== Segment start ==
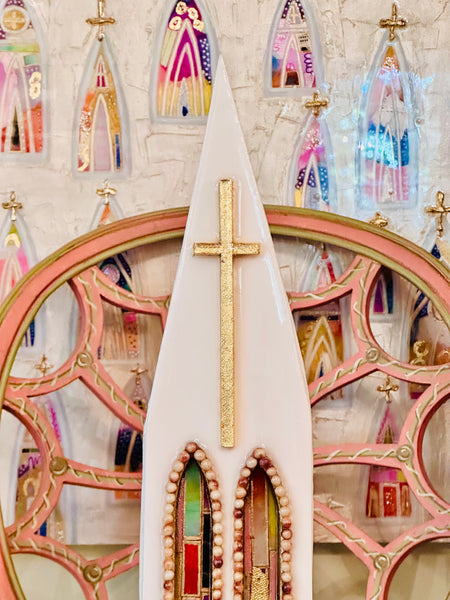 Once constructed, the cathedrals are delivered to Laura Rice of Ozark Alabama. Laura, is widely known for her breathtaking collage art. She painstakingly & meticulously creates each piece of collage by hand coloring the papers, cutting them and placing each piece. The crosses all receive a beautiful coating of gold leaf. The finishing touch being the resin which is hand poured over each cathedral giving it her signature shine!
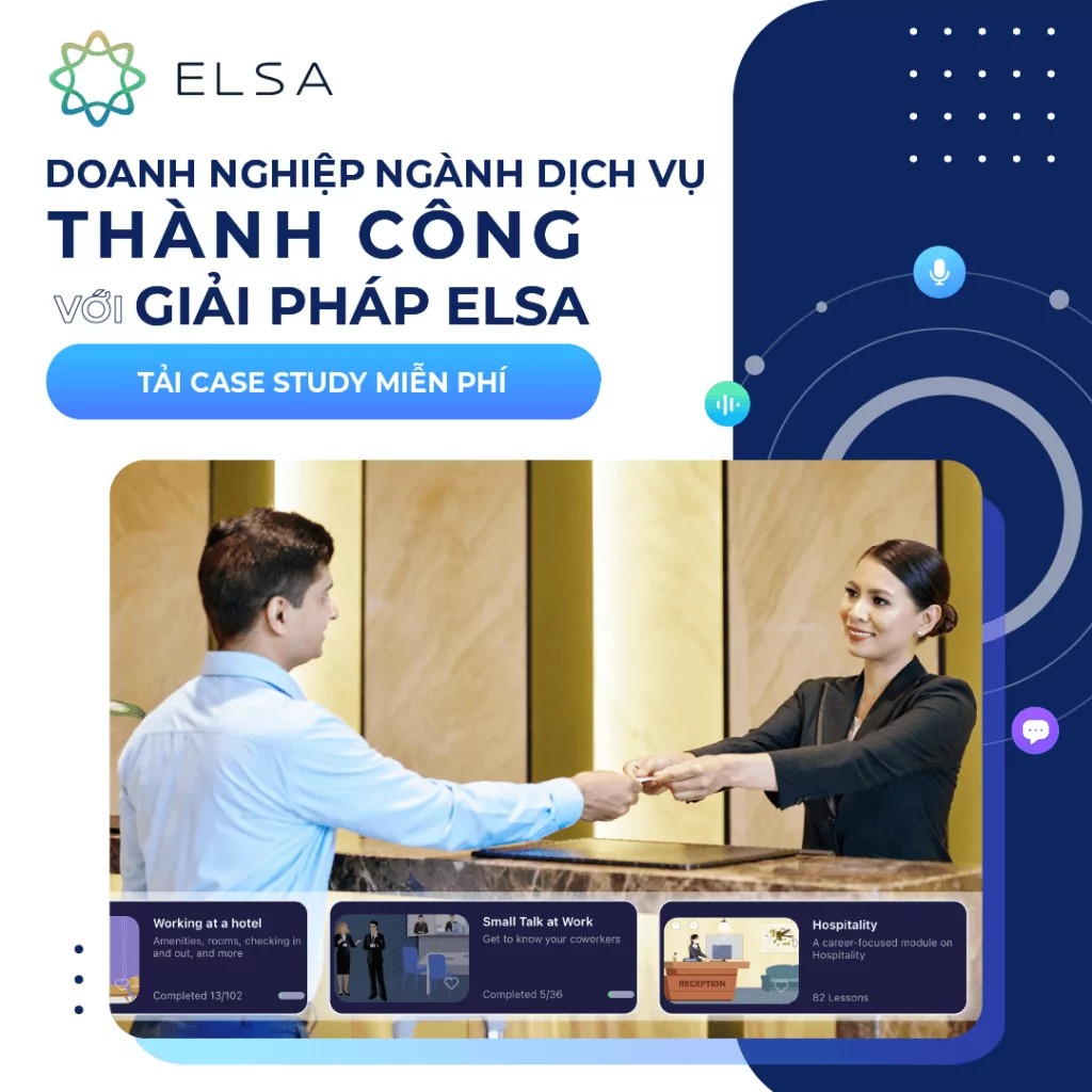 Đặc biệt, để nâng tầm khách sạn theo tiêu chuẩn quốc tế, hãy trải nghiệm chương trình đào tạo tiếng Anh cho doanh nghiệp dịch vụ tại ELSA Speak ngay hôm nay!
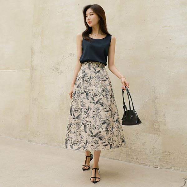 Patterns Point A-line Back Banding Cotton Long Skirt
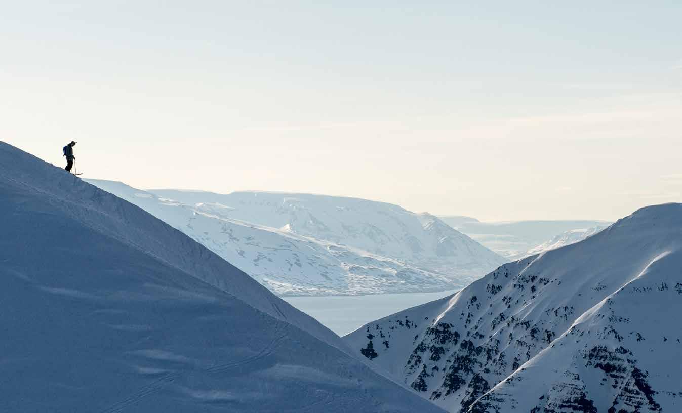 Heli-skiing on the Troll Peninsula is known not only for its beautiful rolling descents and steep couloirs leading all the way to the ocean, but also for its sunshine. The land of the midnight sun offers some of the most extended daylight hours on earth, giving intrepid skiers more time to rack up vertical. And thanks to a diversity of terrain, tackling untracked heli-ski descents on Iceland’s Arctic maritime snowpack is for the aggressive skier and the smooth cruiser alike. Beyond a shadow of a doubt, the summit-tosea panorama surrounding you while skiing will take your breath away.
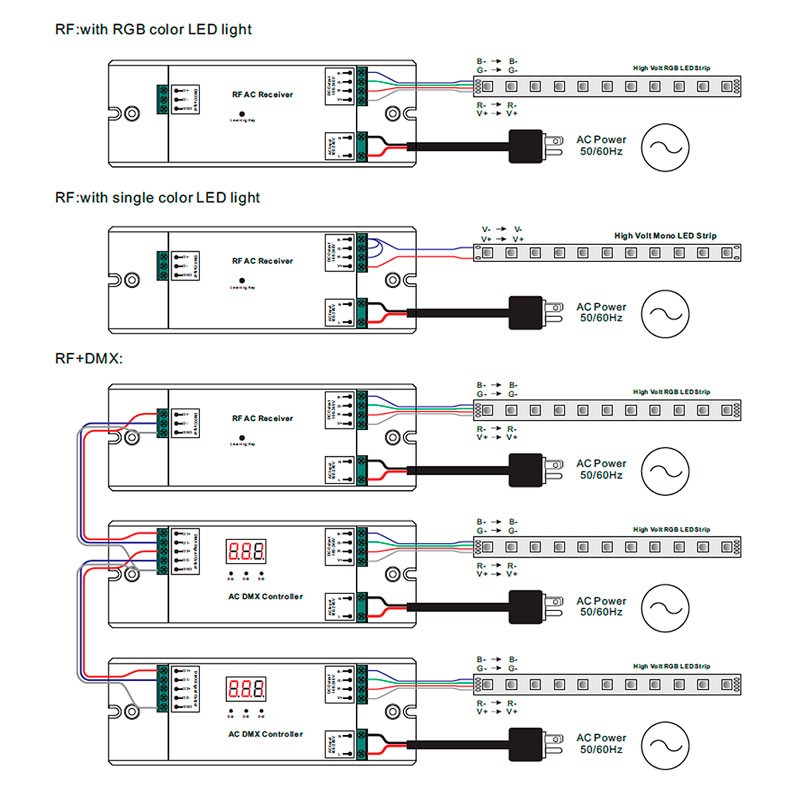 Variateur RGB 230V-AC récepteur RF (3 Canaux 1.2A/Ch) - SUNRICHER Perfect RF
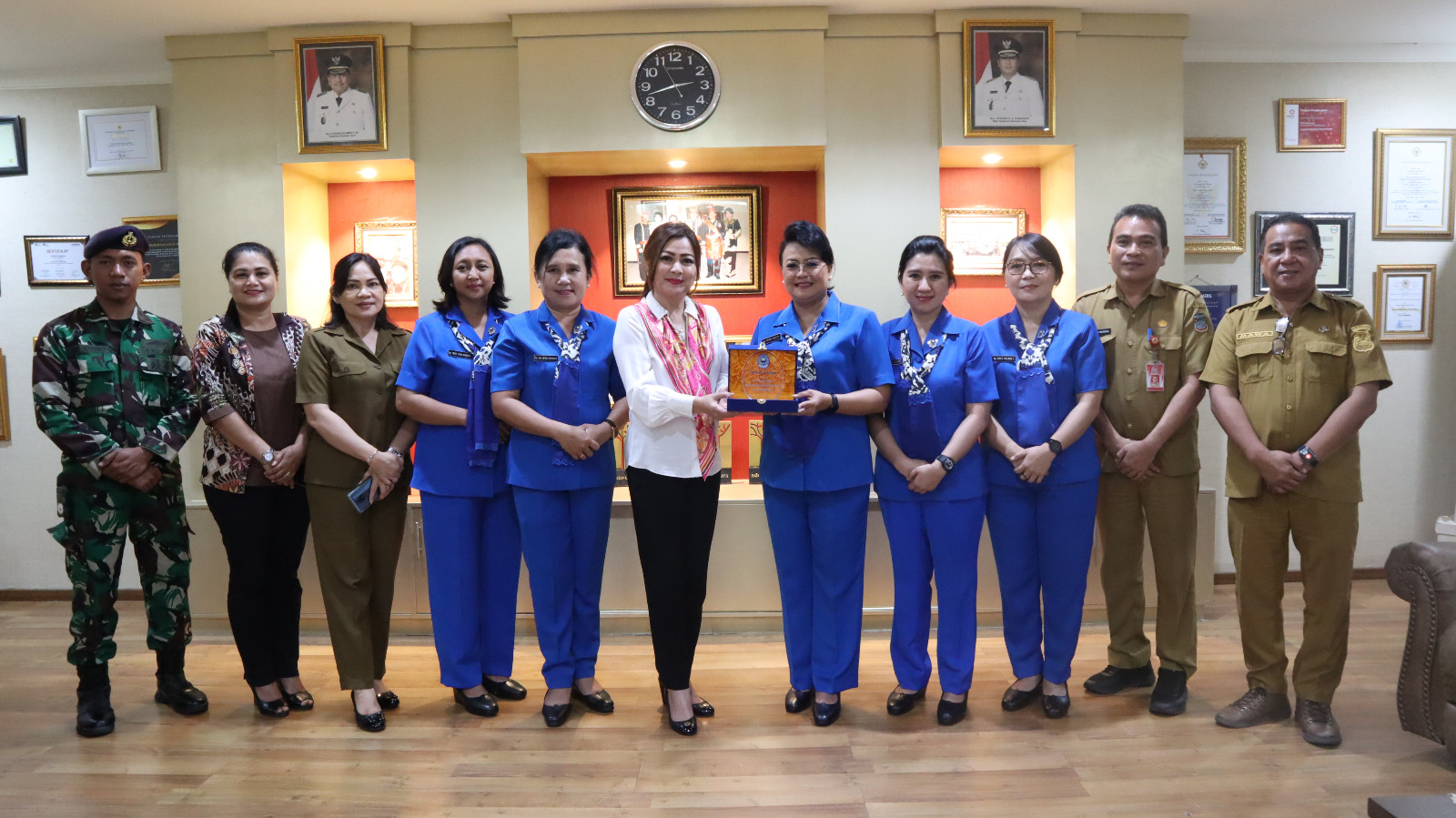 Kunjungan kerja tersebut disambut langsung Ketua PKK Kota Manado Ny. Irene G. Angouw Pinontoan, bersama Kadisperindag Kota Manado Hendrik Waroka dan Sekretaris Dektranasda Ibu Jetty Mukuan.
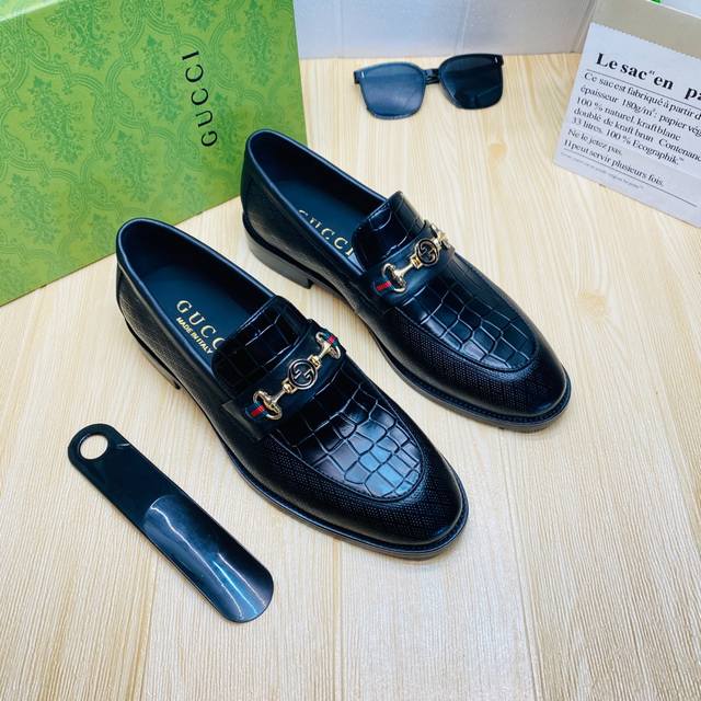 调工厂p价 男装男鞋 运动原单 古驰 Gucci 官网男士商务正装皮鞋更新香港专柜同步新款完全一比一复刻出货专柜品质零差距0外均采用进口牛皮制作+水染皮内里制作,黑色可选!配码 38-44 DDD
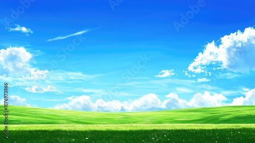 Obraz premium Vibrant grassy field under a clear blue sky with fluffy white clouds, perfect...
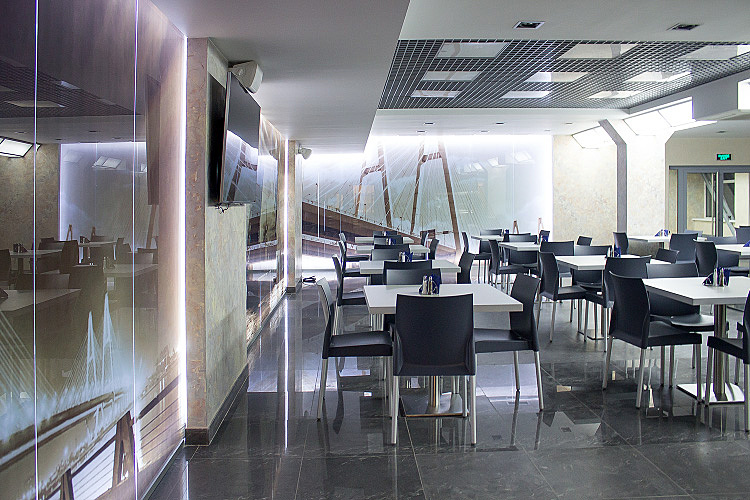 Одной из важнейших задач проекта стояло организовать столовую для руководства предприятия и приема важных гостей, где было бы удобно проводить бизнес-встречи с партнерами и просто приятно отдыхать в течение рабочего дня. Был разработан дизайн-проект помещения, выбраны соответствующие материалы: напольное покрытие из ламината, облицовка стен панелями из шпона, которые имитирую ценные породы дерева. С учетом индивидуальных пожеланий заказчика была сконструирована барная стойка, она декорирована настоящими вантами, которые напоминают о специфике предприятие – изготовление металлических конструкций для мостов.
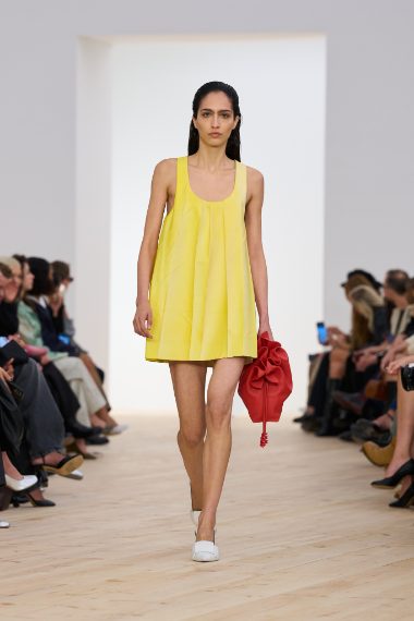 Abiti strutturati, fantasie floreali o rigate, gonne asimmetriche e giacche tecniche sfilano alla Paris Fashion Week sulla passerella Primavera/Estate 2026 di Loewe
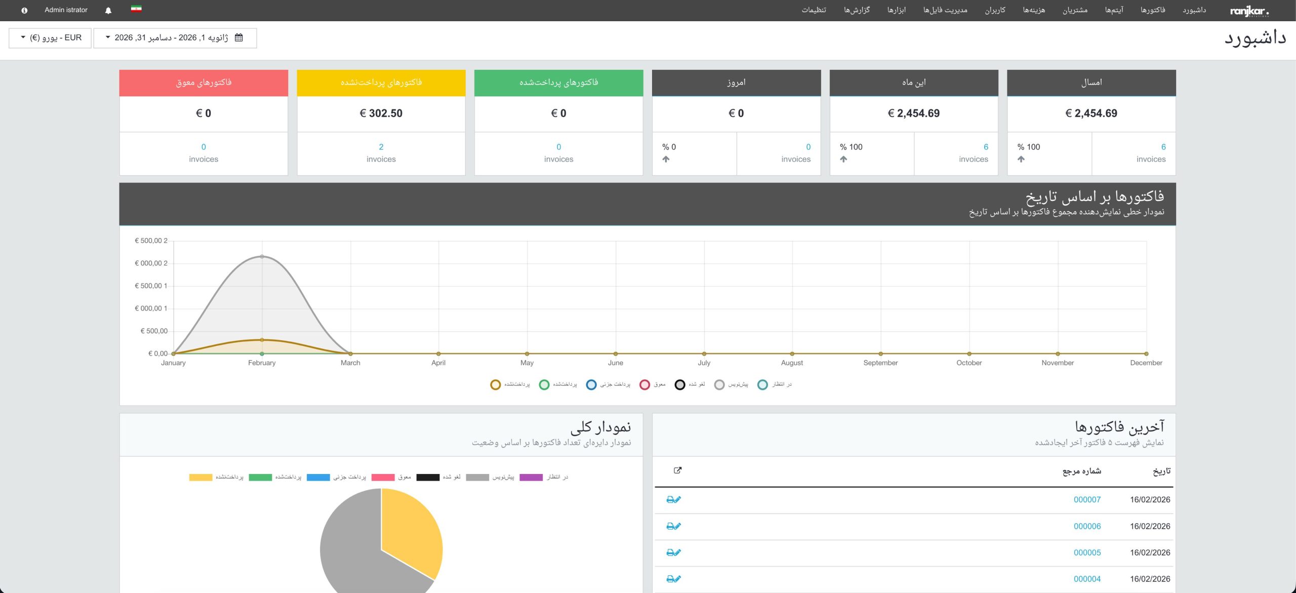 نسخه استارتر – فاکتور و پیش فاکتور یک برنامه تحت وب قدرتمند برای مدیریت فاکتورها و ارتباط با مشتری (CRM) است که بر اساس فریمورک PHP CodeIgniter توسعه یافته است و به شما امکان مدیریت کامل فاکتورها، پرداختها، مشتریان و گزارشهای مالی را میدهد.
== Segment end ==
Work task -
Write the material out again exactly as it appears, dropping the pictures.

Answer for this exercise -
 Once constructed, the cathedrals are delivered to Laura Rice of Ozark Alabama. Laura, is widely known for her breathtaking collage art. She painstakingly & meticulously creates each piece of collage by hand coloring the papers, cutting them and placing each piece. The crosses all receive a beautiful coating of gold leaf. The finishing touch being the resin which is hand poured over each cathedral giving it her signature shine!
 Đặc biệt, để nâng tầm khách sạn theo tiêu chuẩn quốc tế, hãy trải nghiệm chương trình đào tạo tiếng Anh cho doanh nghiệp dịch vụ tại ELSA Speak ngay hôm nay!
 Patterns Point A-line Back Banding Cotton Long Skirt
 Heli-skiing on the Troll Peninsula is known not only for its beautiful rolling descents and steep couloirs leading all the way to the ocean, but also for its sunshine. The land of the midnight sun offers some of the most extended daylight hours on earth, giving intrepid skiers more time to rack up vertical. And thanks to a diversity of terrain, tackling untracked heli-ski descents on Iceland’s Arctic maritime snowpack is for the aggressive skier and the smooth cruiser alike. Beyond a shadow of a doubt, the summit-tosea panorama surrounding you while skiing will take your breath away.
 Variateur RGB 230V-AC récepteur RF (3 Canaux 1.2A/Ch) - SUNRICHER Perfect RF
 Kunjungan kerja tersebut disambut langsung Ketua PKK Kota Manado Ny. Irene G. Angouw Pinontoan, bersama Kadisperindag Kota Manado Hendrik Waroka dan Sekretaris Dektranasda Ibu Jetty Mukuan.
 调工厂p价 男装男鞋 运动原单 古驰 Gucci 官网男士商务正装皮鞋更新香港专柜同步新款完全一比一复刻出货专柜品质零差距0外均采用进口牛皮制作+水染皮内里制作,黑色可选!配码 38-44 DDD
 Obraz premium Vibrant grassy field under a clear blue sky with fluffy white clouds, perfect...
 Одной из важнейших задач проекта стояло организовать столовую для руководства предприятия и приема важных гостей, где было бы удобно проводить бизнес-встречи с партнерами и просто приятно отдыхать в течение рабочего дня. Был разработан дизайн-проект помещения, выбраны соответствующие материалы: напольное покрытие из ламината, облицовка стен панелями из шпона, которые имитирую ценные породы дерева. С учетом индивидуальных пожеланий заказчика была сконструирована барная стойка, она декорирована настоящими вантами, которые напоминают о специфике предприятие – изготовление металлических конструкций для мостов.
 Abiti strutturati, fantasie floreali o rigate, gonne asimmetriche e giacche tecniche sfilano alla Paris Fashion Week sulla passerella Primavera/Estate 2026 di Loewe
 نسخه استارتر – فاکتور و پیش فاکتور یک برنامه تحت وب قدرتمند برای مدیریت فاکتورها و ارتباط با مشتری (CRM) است که بر اساس فریمورک PHP CodeIgniter توسعه یافته است و به شما امکان مدیریت کامل فاکتورها، پرداختها، مشتریان و گزارشهای مالی را میدهد.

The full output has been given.